## [DATA]

● ● ●

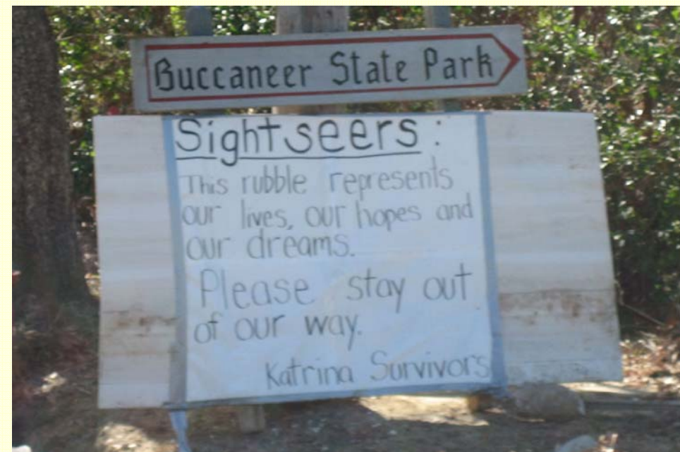
A sign outside Buccaneer State Park in Waveland, Mississippi, October 2005.

For more information about the KAHBH Core Trainings, please contact the KAHBH Program at kahbh@ksu.edu .
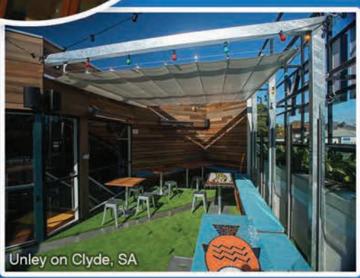
Unley on Clyde, SA

● ● ●

## [YOUR TASK]
What is needed is every line of the data above, set down exactly but with the images left out.

## [REPLY TO THE TASK]
A sign outside Buccaneer State Park in Waveland, Mississippi, October 2005.

For more information about the KAHBH Core Trainings, please contact the KAHBH Program at kahbh@ksu.edu .
Unley on Clyde, SA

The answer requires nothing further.